July 29, 1996

LOCAL HERO

KORN'S MOM: `I'M SO PROUD OF YOU ... I KNEW YOU HAD IT IN YOU'

By CHRIS STEVENSON
Team Sun
  LAKE LANIER, Ga. -- The first time she raced, just four years ago, she and her partner ended up going across all six lanes of the course.
  Yesterday, national team rookie Alison Korn and the rest of Canada's women's eight powered their way straight to the medal podium at the Centennial Olympic Games.
  "I knew you had it in you," sobbed her mother, Janet Snowling, as she and Charles Thomas, Korn's boyfriend, admired her precious metal.
  "I'm so proud of you. What a surge, what a surge, what a surge!"
  The three of them joined in a silent hug, their heads touching, the medal pinned between them and it looked as though they were drawing their emotion from it, tears sparkling on each of their cheeks.
  The finish of the women's eight had left Korn, her seven teammates, coxswain Lesley Thompson, Snowling, Thomas and Canadian rowing fans needing a dip in Lake Lanier.
  While the Romanians were comfortable winners, the Canadians summoned up an incredible finish over the last 400 metres of the 2000-metre race to overtake the boats of the Belorussians and Americans for the silver.
  When the agony that is the final 500 metres of an Olympic race blotted out their vision, squeezed their lungs and turned their legs and arms into burning fuses, they found a way to do more.
  "Coming into the last 500 (metres), Lesley said we were fourth," said Korn.
  "I saw red. I said to myself, `There's no way we're coming fourth.' That's all I remember about the race. The rest is a blur."
  The Canadian boat was the fastest on the water over that last 500, covering the distance between nothing and silver in one minute and 34.33 seconds.
  They edged the third-place Belorussian boat by 39/100ths of a second.
  "I almost lost a lung," said Thomas.
  "It's a feeling of satisfaction," he said, his eyes teary as he looked at Korn wearing the medal.
  "It's satisfying to see her win the silver."
  "You don't win silver," Korn interjected.
  "I don't buy that Nike ad," said Thomas. "It was satisfying, but not surprising, to see it happen."

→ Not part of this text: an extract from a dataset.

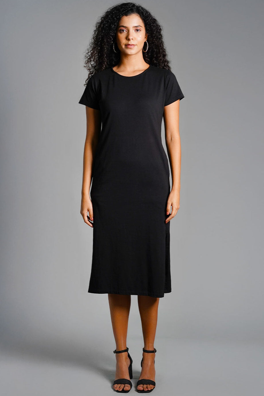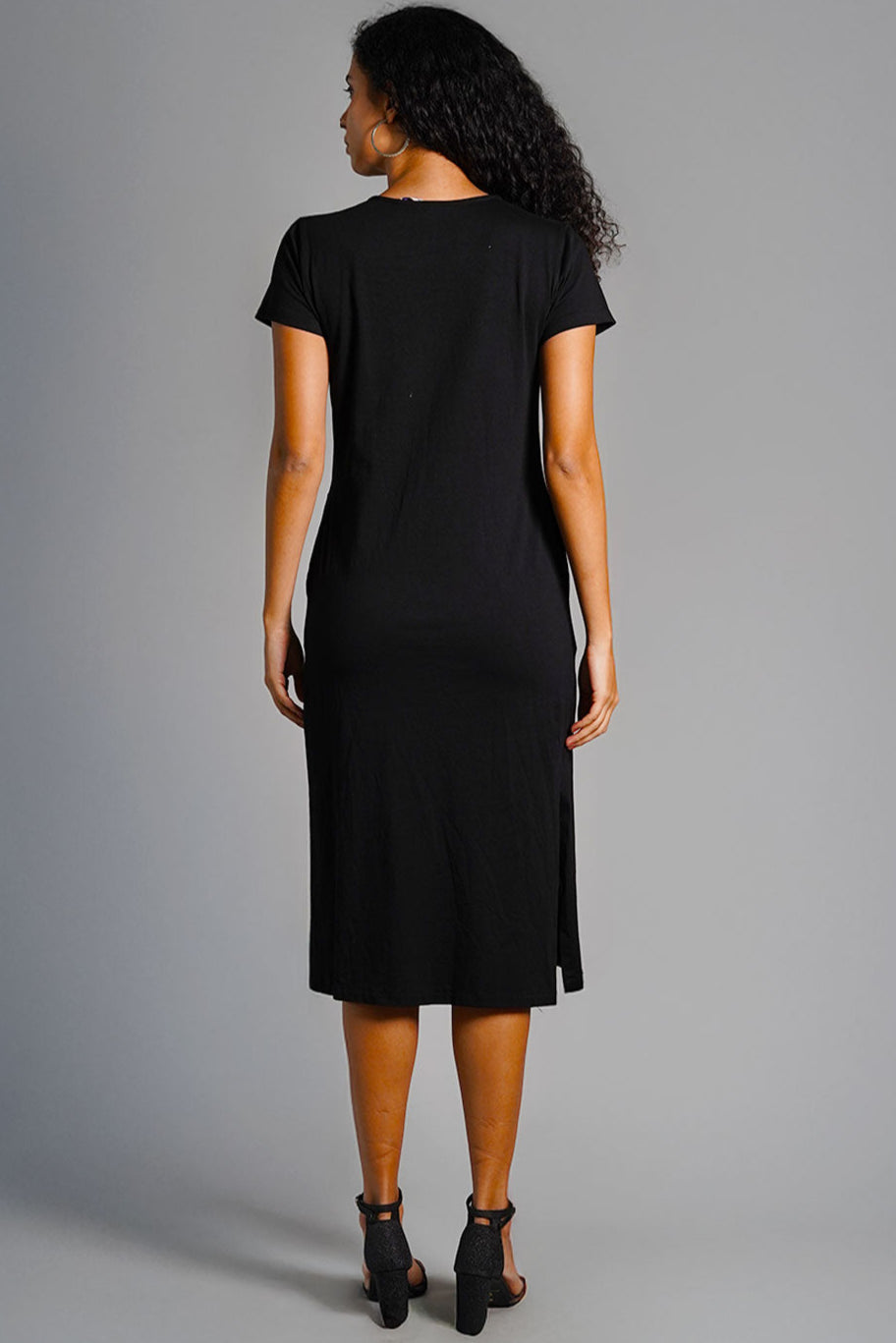 Black Cotton Jersey Vented Shift Dress

  "After the race, I heard my mother first," said Korn. "She was really shrieking. She sounded almost delirious. I was worried about her, actually. Her face was crimson. First she was sobbing, then she was laughing. Then she kissed me about 1,000 times and grabbed me and gave me a big hug."

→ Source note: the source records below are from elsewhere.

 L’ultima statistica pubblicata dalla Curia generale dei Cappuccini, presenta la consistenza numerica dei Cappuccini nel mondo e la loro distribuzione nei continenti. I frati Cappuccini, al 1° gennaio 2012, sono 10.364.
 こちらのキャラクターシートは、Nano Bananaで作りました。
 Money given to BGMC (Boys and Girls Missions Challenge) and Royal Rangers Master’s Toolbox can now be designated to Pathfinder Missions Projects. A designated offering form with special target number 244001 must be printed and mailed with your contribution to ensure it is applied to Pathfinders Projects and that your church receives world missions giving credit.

  Four years ago, the Ottawa native was a hockey and basketball player at McGill and turned down her friend's suggestion she try rowing because they trained too early in the morning.
  That first race certainly gave no hint of the future.

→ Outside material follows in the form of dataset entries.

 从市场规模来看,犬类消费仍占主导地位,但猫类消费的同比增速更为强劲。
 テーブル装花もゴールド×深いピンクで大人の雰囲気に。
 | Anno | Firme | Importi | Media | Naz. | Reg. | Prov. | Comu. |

  "We were completely out of control," Korn laughed yesterday.
  At 6-foot-2 and 175 pounds, she caught the eye of national team coaches at the Olympic trials last year and grabbed a seat in the eight.
  "She brought a real freshness to the team," said the 36-year-old Thompson, who is on her fifth Olympic team and won gold with the eights in 1992 in Barcelona.
  "She would ask `Why?' for the most obvious questions. I thought she asked such dumb questions, but they would make you go back to the basics. There were no expectations from her, no preset notions of what should be. They made you not take anything for granted."
  How many dumb questions were there?
  "Lots," said Thompson.
  "But she's just learned a lot. We're all equal on a crew. She was in there pulling 100% just like everybody else."
  With many of Canada's highest profile rowers and scullers prepared to retire, there will be opportunities for rowers like Korn to grow.
  "She has a great heart and she tries extremely hard," said Canadian team head coach Brian Richardson. "The best of Alison Korn is yet to come."
  The sprint had been a problem for the women's eight in earlier races. The roar of the crowd and the cries from the other boats made it difficult for them to hear Thompson and mount a co-ordinated attack.
  At a strategy meeting Saturday night, they came up with a set of instructions they would each follow when they hit the final jam, starting with an attack five, said Korn, "five of the hardest strokes of your life.
  "We just knew we had to put our heads down and do it. All nine of us did it. We said, `Here we go,' and boom, we did it. We didn't let ourselves down or each other down and we had our best race."
  And that's what games are all about.
  Their best was worth a silver yesterday, but you'd have a hard time convincing three people locked in a silent embrace that gold could be any better.